→ **EXERCISE REQUIREMENTS**
Give the data again in full. Keep every line the same.

(Extracted records)
------------

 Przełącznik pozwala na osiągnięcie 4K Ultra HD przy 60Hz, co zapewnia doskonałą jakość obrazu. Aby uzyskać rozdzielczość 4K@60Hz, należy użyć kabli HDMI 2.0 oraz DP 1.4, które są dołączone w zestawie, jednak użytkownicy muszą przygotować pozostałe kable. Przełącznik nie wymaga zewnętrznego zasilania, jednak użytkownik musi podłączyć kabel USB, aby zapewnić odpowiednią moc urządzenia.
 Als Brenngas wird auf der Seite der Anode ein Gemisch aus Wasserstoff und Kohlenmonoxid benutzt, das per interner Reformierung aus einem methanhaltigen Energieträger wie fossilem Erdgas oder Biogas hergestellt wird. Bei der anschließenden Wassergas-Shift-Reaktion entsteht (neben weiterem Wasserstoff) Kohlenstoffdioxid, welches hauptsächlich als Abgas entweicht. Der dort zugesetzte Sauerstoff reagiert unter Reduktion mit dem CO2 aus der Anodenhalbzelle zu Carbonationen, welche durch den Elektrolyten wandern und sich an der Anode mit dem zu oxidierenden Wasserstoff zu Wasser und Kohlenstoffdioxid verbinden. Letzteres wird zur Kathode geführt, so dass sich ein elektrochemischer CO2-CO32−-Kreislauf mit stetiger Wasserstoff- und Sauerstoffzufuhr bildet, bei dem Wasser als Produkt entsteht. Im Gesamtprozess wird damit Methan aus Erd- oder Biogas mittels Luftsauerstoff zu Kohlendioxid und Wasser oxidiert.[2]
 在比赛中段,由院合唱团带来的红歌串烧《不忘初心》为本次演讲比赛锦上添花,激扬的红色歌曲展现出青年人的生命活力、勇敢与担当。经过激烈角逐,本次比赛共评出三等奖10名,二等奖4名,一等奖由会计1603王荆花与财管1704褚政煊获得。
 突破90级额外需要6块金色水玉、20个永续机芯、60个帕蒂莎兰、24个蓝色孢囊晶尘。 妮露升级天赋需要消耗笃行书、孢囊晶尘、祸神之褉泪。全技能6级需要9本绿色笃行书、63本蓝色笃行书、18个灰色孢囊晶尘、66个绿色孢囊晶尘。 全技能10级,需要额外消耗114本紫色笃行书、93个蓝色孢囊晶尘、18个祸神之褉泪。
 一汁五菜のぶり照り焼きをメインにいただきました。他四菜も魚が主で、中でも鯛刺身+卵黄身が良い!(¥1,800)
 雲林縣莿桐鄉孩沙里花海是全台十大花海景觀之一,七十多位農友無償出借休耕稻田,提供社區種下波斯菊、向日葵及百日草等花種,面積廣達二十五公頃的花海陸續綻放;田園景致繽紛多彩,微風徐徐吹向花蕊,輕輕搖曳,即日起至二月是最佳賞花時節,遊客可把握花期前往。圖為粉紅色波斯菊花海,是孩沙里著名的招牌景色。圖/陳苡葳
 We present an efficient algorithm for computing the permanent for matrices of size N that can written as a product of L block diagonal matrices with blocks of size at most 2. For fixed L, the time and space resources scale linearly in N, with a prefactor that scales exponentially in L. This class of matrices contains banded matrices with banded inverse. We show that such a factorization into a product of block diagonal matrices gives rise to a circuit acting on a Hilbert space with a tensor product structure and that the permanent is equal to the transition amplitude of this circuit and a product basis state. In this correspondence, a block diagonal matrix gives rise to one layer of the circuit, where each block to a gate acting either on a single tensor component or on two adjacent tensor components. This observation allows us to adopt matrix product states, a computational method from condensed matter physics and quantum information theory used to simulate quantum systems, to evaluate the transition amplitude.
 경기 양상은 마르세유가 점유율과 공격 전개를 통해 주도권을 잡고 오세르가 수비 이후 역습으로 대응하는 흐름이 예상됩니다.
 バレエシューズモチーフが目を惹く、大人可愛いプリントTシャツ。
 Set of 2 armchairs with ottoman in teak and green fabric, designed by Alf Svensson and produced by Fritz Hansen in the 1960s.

------------

→ **RESULT OF THE EXERCISE**
 Przełącznik pozwala na osiągnięcie 4K Ultra HD przy 60Hz, co zapewnia doskonałą jakość obrazu. Aby uzyskać rozdzielczość 4K@60Hz, należy użyć kabli HDMI 2.0 oraz DP 1.4, które są dołączone w zestawie, jednak użytkownicy muszą przygotować pozostałe kable. Przełącznik nie wymaga zewnętrznego zasilania, jednak użytkownik musi podłączyć kabel USB, aby zapewnić odpowiednią moc urządzenia.
 Als Brenngas wird auf der Seite der Anode ein Gemisch aus Wasserstoff und Kohlenmonoxid benutzt, das per interner Reformierung aus einem methanhaltigen Energieträger wie fossilem Erdgas oder Biogas hergestellt wird. Bei der anschließenden Wassergas-Shift-Reaktion entsteht (neben weiterem Wasserstoff) Kohlenstoffdioxid, welches hauptsächlich als Abgas entweicht. Der dort zugesetzte Sauerstoff reagiert unter Reduktion mit dem CO2 aus der Anodenhalbzelle zu Carbonationen, welche durch den Elektrolyten wandern und sich an der Anode mit dem zu oxidierenden Wasserstoff zu Wasser und Kohlenstoffdioxid verbinden. Letzteres wird zur Kathode geführt, so dass sich ein elektrochemischer CO2-CO32−-Kreislauf mit stetiger Wasserstoff- und Sauerstoffzufuhr bildet, bei dem Wasser als Produkt entsteht. Im Gesamtprozess wird damit Methan aus Erd- oder Biogas mittels Luftsauerstoff zu Kohlendioxid und Wasser oxidiert.[2]
 在比赛中段,由院合唱团带来的红歌串烧《不忘初心》为本次演讲比赛锦上添花,激扬的红色歌曲展现出青年人的生命活力、勇敢与担当。经过激烈角逐,本次比赛共评出三等奖10名,二等奖4名,一等奖由会计1603王荆花与财管1704褚政煊获得。
 突破90级额外需要6块金色水玉、20个永续机芯、60个帕蒂莎兰、24个蓝色孢囊晶尘。 妮露升级天赋需要消耗笃行书、孢囊晶尘、祸神之褉泪。全技能6级需要9本绿色笃行书、63本蓝色笃行书、18个灰色孢囊晶尘、66个绿色孢囊晶尘。 全技能10级,需要额外消耗114本紫色笃行书、93个蓝色孢囊晶尘、18个祸神之褉泪。
 一汁五菜のぶり照り焼きをメインにいただきました。他四菜も魚が主で、中でも鯛刺身+卵黄身が良い!(¥1,800)
 雲林縣莿桐鄉孩沙里花海是全台十大花海景觀之一,七十多位農友無償出借休耕稻田,提供社區種下波斯菊、向日葵及百日草等花種,面積廣達二十五公頃的花海陸續綻放;田園景致繽紛多彩,微風徐徐吹向花蕊,輕輕搖曳,即日起至二月是最佳賞花時節,遊客可把握花期前往。圖為粉紅色波斯菊花海,是孩沙里著名的招牌景色。圖/陳苡葳
 We present an efficient algorithm for computing the permanent for matrices of size N that can written as a product of L block diagonal matrices with blocks of size at most 2. For fixed L, the time and space resources scale linearly in N, with a prefactor that scales exponentially in L. This class of matrices contains banded matrices with banded inverse. We show that such a factorization into a product of block diagonal matrices gives rise to a circuit acting on a Hilbert space with a tensor product structure and that the permanent is equal to the transition amplitude of this circuit and a product basis state. In this correspondence, a block diagonal matrix gives rise to one layer of the circuit, where each block to a gate acting either on a single tensor component or on two adjacent tensor components. This observation allows us to adopt matrix product states, a computational method from condensed matter physics and quantum information theory used to simulate quantum systems, to evaluate the transition amplitude.
 경기 양상은 마르세유가 점유율과 공격 전개를 통해 주도권을 잡고 오세르가 수비 이후 역습으로 대응하는 흐름이 예상됩니다.
 バレエシューズモチーフが目を惹く、大人可愛いプリントTシャツ。
 Set of 2 armchairs with ottoman in teak and green fabric, designed by Alf Svensson and produced by Fritz Hansen in the 1960s.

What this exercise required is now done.